Both trait methods, their macro impls, and the test live behind [features] delta_for_bitpacking = [] (off by default), because the kernel is monomorphized across every (type × bit-width) and that has a real .text cost (below). Downstream (Vortex) turns it on via its own unstable_encodings feature.

Tests

test_unfor_undelta round-trips both the const-generic kernel and the runtime-width dispatcher against an independent undelta-of-FoR-decoded reference. cargo test --features delta_for_bitpacking, cargo clippy --features delta_for_bitpacking --all-targets, and the default (feature-off) cargo clippy + cargo fmt --check are all clean. Real CI here (Build / MSRV / Benchmark) is green.

Code-size analysis

Release libfastlanes rlib (nm --print-size, summing t/T symbols):

feature	new symbols	new `.text`
`delta_for_bitpacking` off (default)	0	0 B
`delta_for_bitpacking` on	128	~254 KiB

128 = 124 width-specialized unfor_undelta_pack (9 u8 + 17 u16 + 33 u32 + 65 u64) + 4 unchecked_ dispatchers. Comparable to the existing unfor_pack family (128 / ~224 KiB). Behind a default-off feature, it costs nothing unless enabled.

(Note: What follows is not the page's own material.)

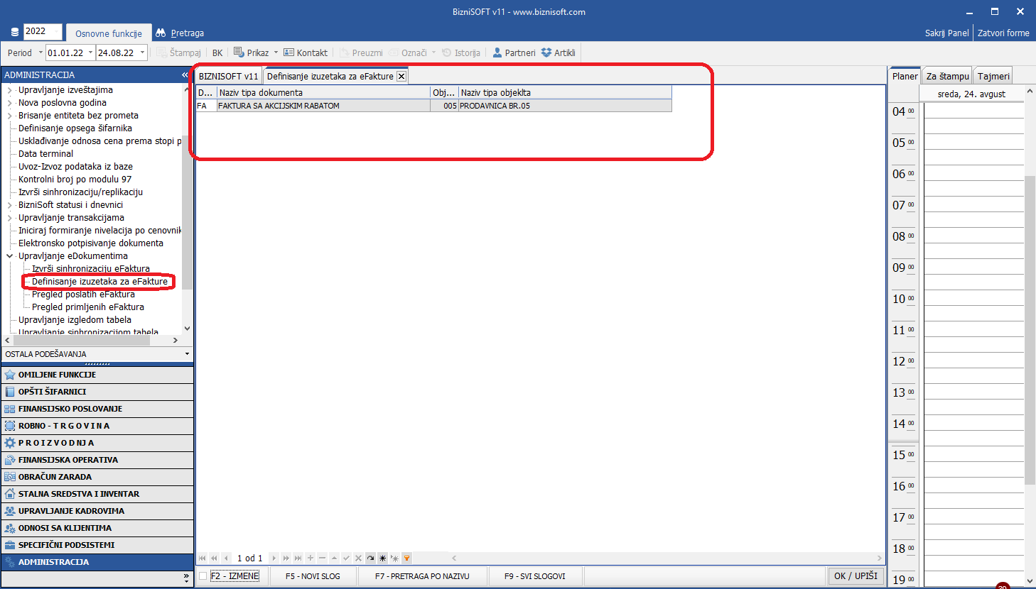U verziji Build: bsv110-21886 Relase date: 15.08.2022. unapređena je forma primljenih e-Faktura. Sve nove funkcionalnosti u ovom kontekstu, predstavljene su u našem uputstvu Elektronska razmena faktura. U poslednjim ažuriranjima verzije, implementirana je nova funkcija [bluetext]Definisanje izuzetaka za eFakture[/bluetext] koja omogućuje korisniku da za pojedine vrste dokumenata u pojedinim objektima definiše da se eFakture ne registruju, što može biti zgodno u nekim situacijama (naplata komunalnih i ostalih usluga, fakture za fizička lica i slično):

Performance — is the kernel optimal? (asm + A/B, measured locally)

The kernel is at parity with the shipped kernels. Microbench (best-of-30, same chunk), u32 W=11: unfor_undelta_pack 0.156 vs undelta_pack 0.153 vs unfor_pack 0.152 ns/elem — within noise. The fused FoR-add + undelta-add fold into the existing vpaddd chain for free.

Wider SIMD does not help — it regresses normal widths:

ns/elem	SSE2	AVX2	AVX-512
fused u32 W=11	0.156	0.172	0.172
fused u64 W=17	0.374	0.415	0.416
fused u32 W=1	0.157	0.124	0.119

Asm confirms the AVX2 build is clean (163 insns vs SSE2's 195, full %ymm, zero cross-lane shuffles) yet ~10% slower — it's shift/mask/add port-throughput + AVX frequency-bound, not codegen quality. Only the degenerate W=1 (trivial unpack → pure stores) benefits. So a hand-written intrinsic kernel can't beat LLVM's SSE2 autovectorization here. The real win is the fusion, not kernel micro-optimization (see the Vortex PR for end-to-end numbers).

🤖 Generated with Claude Code

Introduce `Delta::unfor_undelta_pack` (and a runtime-width `unchecked_unfor_undelta_pack` dispatcher) that decodes a delta-of-frame-of-reference-of-bitpacking stack in a single pass: for each lane the W-bit values are unpacked, the FoR `reference` is wrapping-added, and the result is accumulated against the running per-lane `base`. This fuses what were previously three passes (unpack, unfor, undelta) and two intermediate buffers into one. Covered by a new `test_unfor_undelta` round-trip that checks both the const-generic kernel and the runtime-width dispatcher against an independent unfor+undelta reference. Signed-off-by: Joe Isaacs <joe.isaacs@live.co.uk>

The fused delta(for(bitpacking)) kernel and its runtime-width dispatcher are monomorphized across every (type x bit-width), which is a meaningful `.text` cost. Put both trait methods, their impls, and the round-trip test behind a new default-off `unstable` feature so the code (and its code-size) is opt-in until the API stabilizes. Signed-off-by: Joe Isaacs <joe.isaacs@live.co.uk>

CLAassistant · 2026-06-02T18:28:09Z

Thank you for your submission! We really appreciate it. Like many open source projects, we ask that you sign our Contributor License Agreement before we can accept your contribution.
_{You have signed the CLA already but the status is still pending? Let us recheck it.}

codspeed-hq · 2026-06-02T18:30:31Z

Merging this PR will degrade performance by 23.79%

⚠️

Different runtime environments detected

Some benchmarks with significant performance changes were compared across different runtime environments,
which may affect the accuracy of the results.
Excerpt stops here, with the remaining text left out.